Exclude images, then output the remaining data verbatim.

-- Exercise material follows --

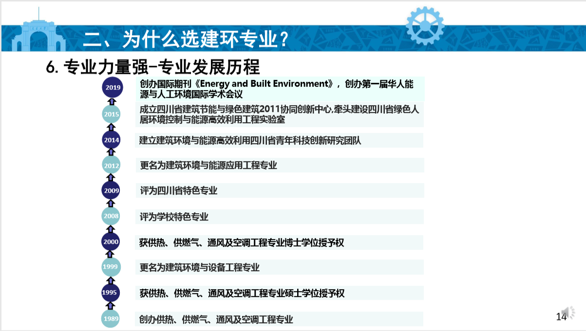 接下来由袁院长为同学们介绍建筑环境与能源运用专业情况。他介绍说,建筑环境与能源运用专业的内涵是采用空调等技术手段构造适合人类生活与工作的舒适、健康、节能、环保的室内环境和满足产品生产与科学实验的室内环境。同时,最大限度地减少能源与资源消耗也是本专业的重点,就业前景广泛。
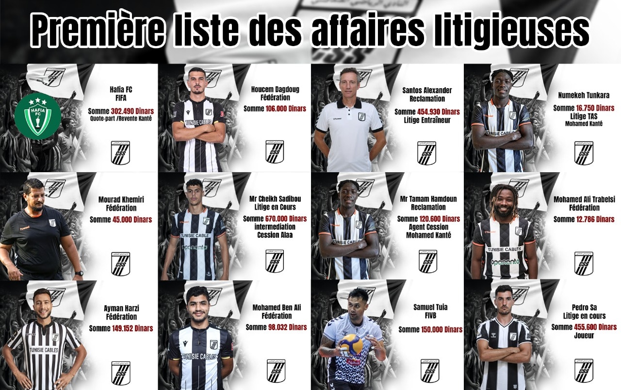 Le Club Sportif Sfaxien a communiqué aujourd'hui le détail de ses litiges financiers actuels.
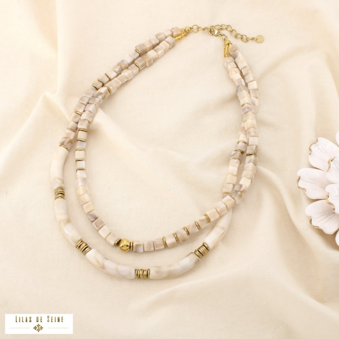 Composé de cubes et de tubes en résine marbrée, associés à des billes et intercalaires en acier inoxydable, ce collier offre un équilibre harmonieux entre matières, formes géométriques et finitions soignées. Le jeu de volumes et de transparence de la résine apporte luminosité et relief, tandis que l’acier garantit durabilité et qualité de tenue dans le temps.
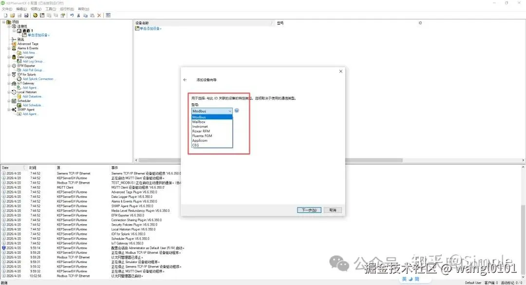 设备型号:选择 Modbus(这是通用选项,适用于绝大多数Modbus设备)。
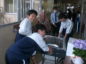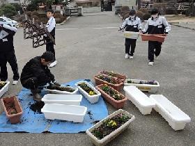 各委員会とも3年生が抜けた後ですが、今年度最終の委員会活動ということで、今年度のまとめの活動が行なわれていました。水はまだ冷たさが感じられる中、美化委員会・緑化委員会では、黒板消しクリーナーの手入れや清掃用具などの確認、プランターや花壇の整備を行いました。その他にも、各委員会がよりよい学校生活づくりに自主的・実践的に取り組んでくれたことに感謝します。
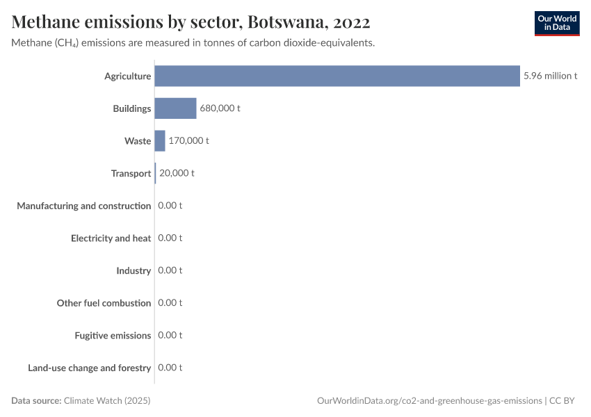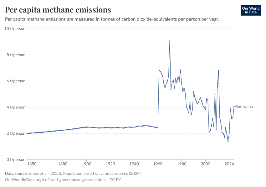Methane: how much does the average person in Botswana emit? Where do emissions come from?
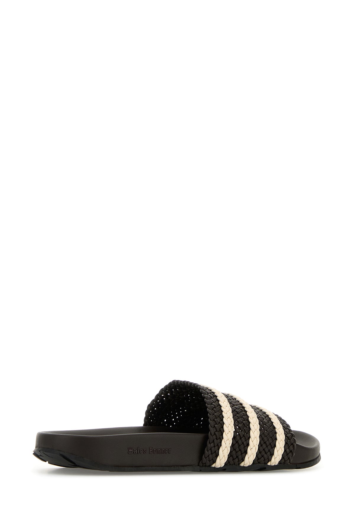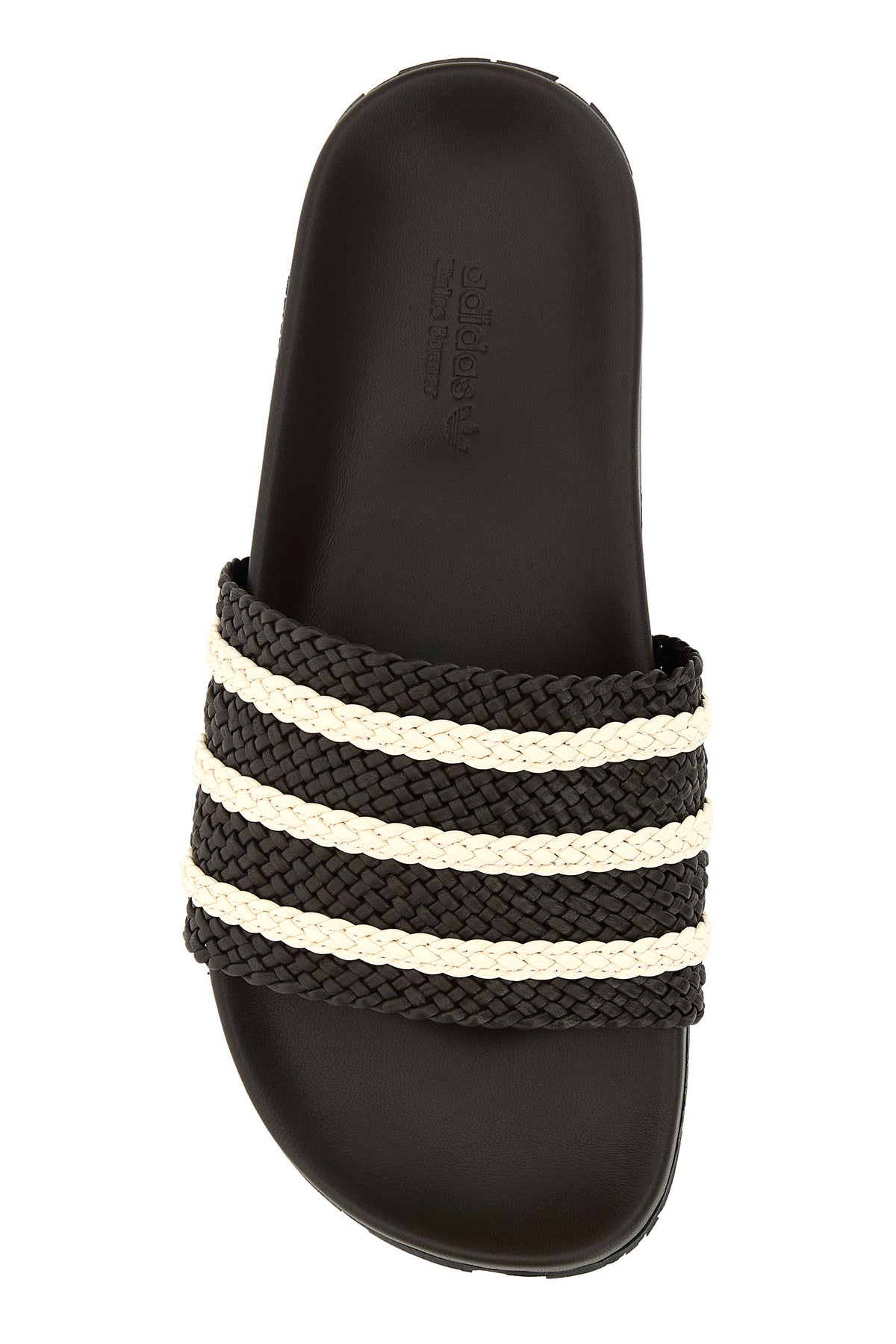 Slippers create in collaborazione con Adidas realizzate in pelle intrecciata arricchita da applicazione a righe sul collo del piede.
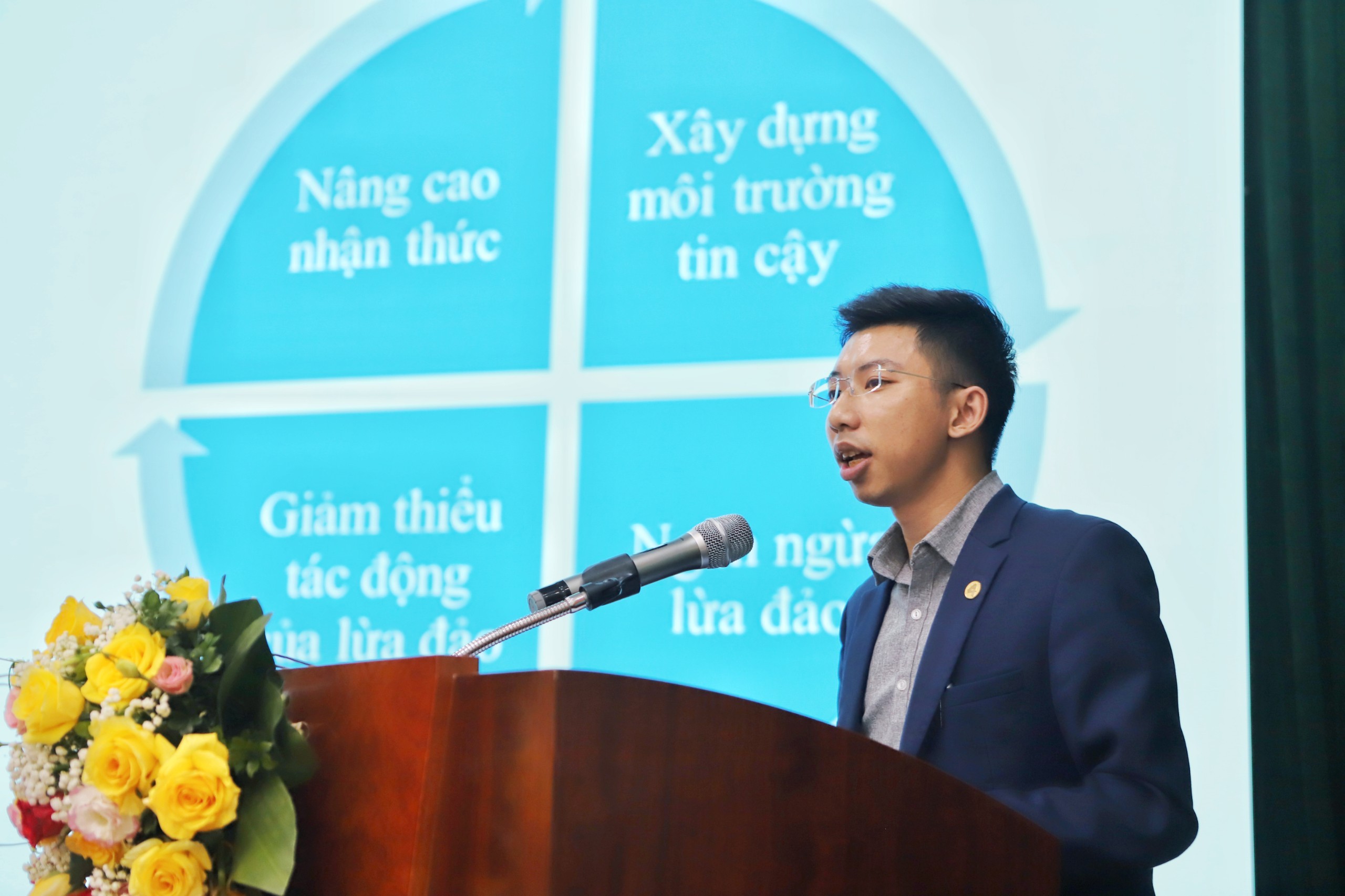 | Ông Phạm Thái Sơn - Phó Giám đốc Trung tâm Giám sát an toàn không gian mạng quốc gia, Cục An toàn thông tin, Bộ Thông tin và Truyền thông phát biểu tại hội thảo |

-- Exercise material concluded --

--- Written answer ---
 接下来由袁院长为同学们介绍建筑环境与能源运用专业情况。他介绍说,建筑环境与能源运用专业的内涵是采用空调等技术手段构造适合人类生活与工作的舒适、健康、节能、环保的室内环境和满足产品生产与科学实验的室内环境。同时,最大限度地减少能源与资源消耗也是本专业的重点,就业前景广泛。
 Le Club Sportif Sfaxien a communiqué aujourd'hui le détail de ses litiges financiers actuels.
 Composé de cubes et de tubes en résine marbrée, associés à des billes et intercalaires en acier inoxydable, ce collier offre un équilibre harmonieux entre matières, formes géométriques et finitions soignées. Le jeu de volumes et de transparence de la résine apporte luminosité et relief, tandis que l’acier garantit durabilité et qualité de tenue dans le temps.
 设备型号:选择 Modbus(这是通用选项,适用于绝大多数Modbus设备)。
 各委員会とも3年生が抜けた後ですが、今年度最終の委員会活動ということで、今年度のまとめの活動が行なわれていました。水はまだ冷たさが感じられる中、美化委員会・緑化委員会では、黒板消しクリーナーの手入れや清掃用具などの確認、プランターや花壇の整備を行いました。その他にも、各委員会がよりよい学校生活づくりに自主的・実践的に取り組んでくれたことに感謝します。
Methane: how much does the average person in Botswana emit? Where do emissions come from?
 Slippers create in collaborazione con Adidas realizzate in pelle intrecciata arricchita da applicazione a righe sul collo del piede.
 | Ông Phạm Thái Sơn - Phó Giám đốc Trung tâm Giám sát an toàn không gian mạng quốc gia, Cục An toàn thông tin, Bộ Thông tin và Truyền thông phát biểu tại hội thảo |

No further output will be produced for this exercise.